Understanding the rules of life

Bioscience for an integrated understanding of health

Category: Standard Studentships

Exploiting natural variants in potassium channel genes to understand their roles in neural function, behaviour and development

Project No. 2326

PRIORITY PROJECT

Primary Supervisor

Prof Matthew Guille – University of Portsmouth

Co-Supervisor(s)

Prof Diana Baralle – University of Southampton

Prof Mariana Vargas-Caballero – University of Southampton

Summary

Rationale and Impact: There are around 100 genes encoding potassium channels, and around 40% of these are associated with diseases, generally displaying developmental delay, ataxia and epilepsy.

We aim to systematically assess the function of the remaining potassium channel genes to better understand this gene family. This understanding will have impact, the data will help improve diagnosis and interventions for people who have pathogenic variants in these genes.

We recently identified a novel syndrome characterised by ataxia and developmental delay caused by variants in a potassium channel gene, KCNC4. Our innovative approach combined bioinformatics investigation of human variation, molecular modelling of channel function, and recapitulation of the human phenotype in the Xenopus model organism to link the gene to the disorder and understand its molecular basis. We will extend this successful approach to other potassium channels.

Approach:

Bioinformatics: Whole genome sequences from patients with rare disorders in the 100,000 Genomes Project (100KGP) and NHS Genomic Medicine Service will be interrogated for damaging variants in potassium channel genes. These will be prioritised based on bioinformatics tools, number of probands and their phenotypes to determine the most likely disease causing genes.

Ion channel function: Using well established electrophysiological assays, the impact of the detected variants on ion channel function will be measured relative to the wild-type channel using patch clamp in HEK cells. This will establish whether the variants impact channel function, and what the nature of that disruption is.

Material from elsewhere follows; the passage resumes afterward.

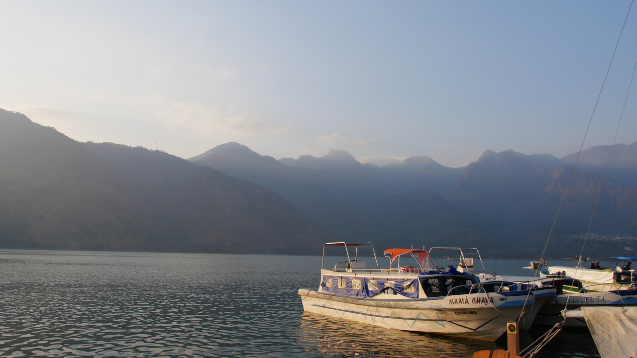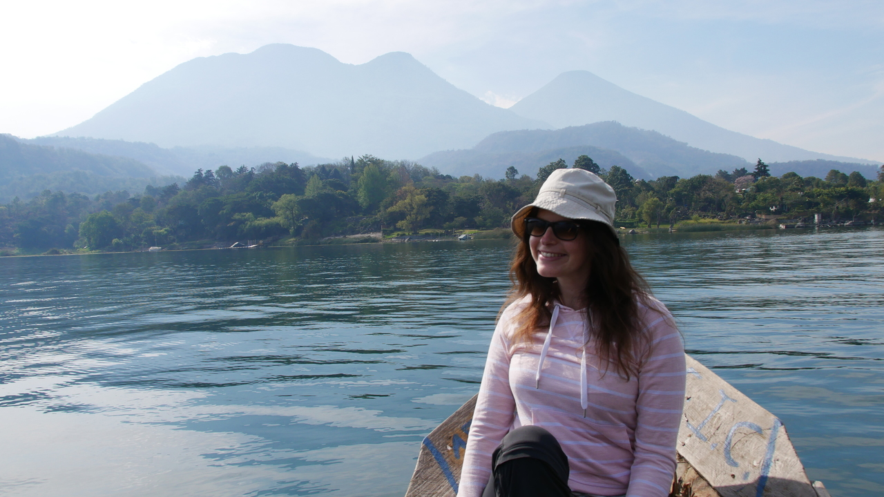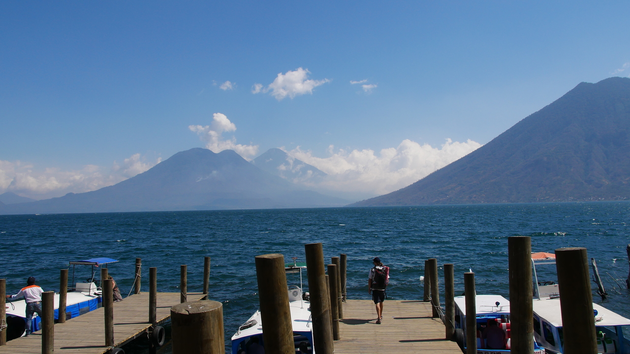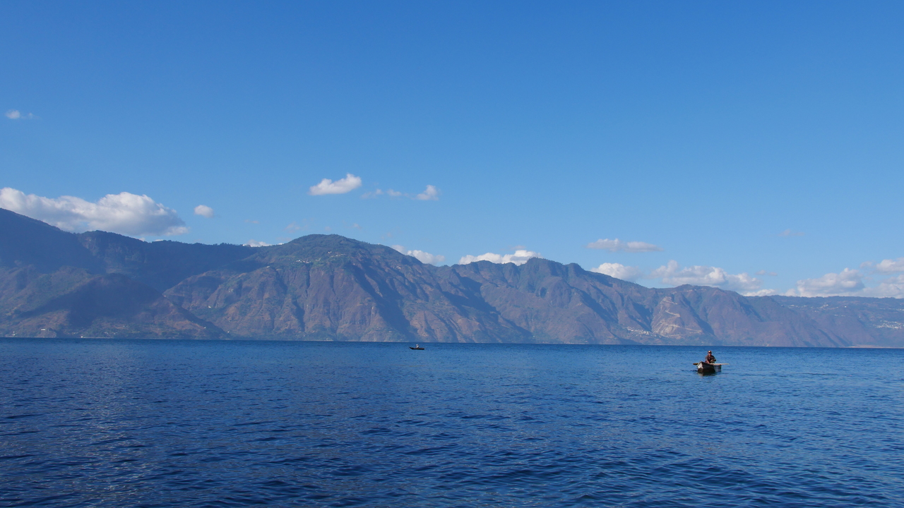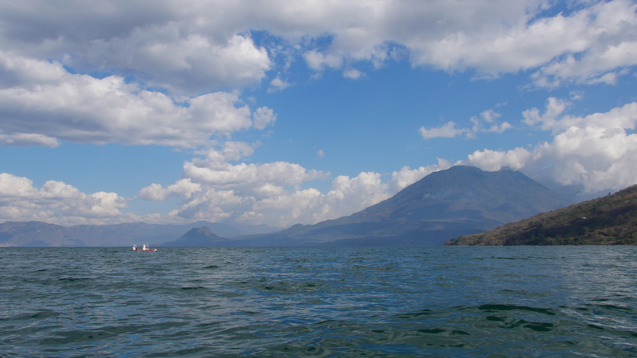 Berge, Vulkane und Wolken spiegeln sich im See. Fischer grüßen uns aus ihren hölzernen Bötchen. Wir paddeln mit Amélie in zwei Kajaks von San Pedro in Richtung Santiago, wo wir einen kleinen Strand ansteuern. Als wir wieder aufbrechen, fließt Wasser aus dem Inneren des Doppelkajaks in den Fußraum. Das hätte uns stutzig machen können. Wir sind noch nicht lange unterwegs - „Anna. Something‘s wrong.“ Amélie sitzt hinten im Kajak und ist nicht mehr weit von der Wasseroberfläche entfernt. Wir sinken! Und Rettungswesten haben wir natürlich keine bekommen. Wir signalisieren Max unser Problem per Pantomime, dann paddeln wir mit voller Kraft ans Ufer. Wobei wir eine beeindruckende Geschwindigkeit erreichen.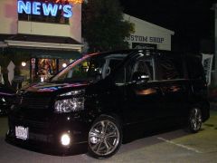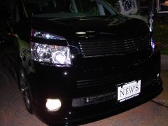 新車購入後間もないメチャクチャキレイな現行VOXYが納車当日に入庫しました!、全体を引き締めるために、ダウンサスはRS‐Rのスーパーダウンのダウンサスで程よく落として、Gスクエアのエアロにリーディングエッジのホイルでまとめて、ヘッドライトは純正から8000Kの青白い光!に合わせてポジション球も同色系に交換済み!次回はフォグランプも明るいHIDで光を統一したいっすね!!

Xenopus models: Promising genes will be knocked-out using CRISPR in Xenopus, and the resultant morphological, physiological and behavioural changes systematically assessed. This will determine the normal function of the gene in the whole organism.

Candidate qualities: An ability to engage with a multi-disciplinary project within an existing, successful collaboration. Specifically, an interest in bioinformatics, electrophysiology, molecular genetics and phenotyping.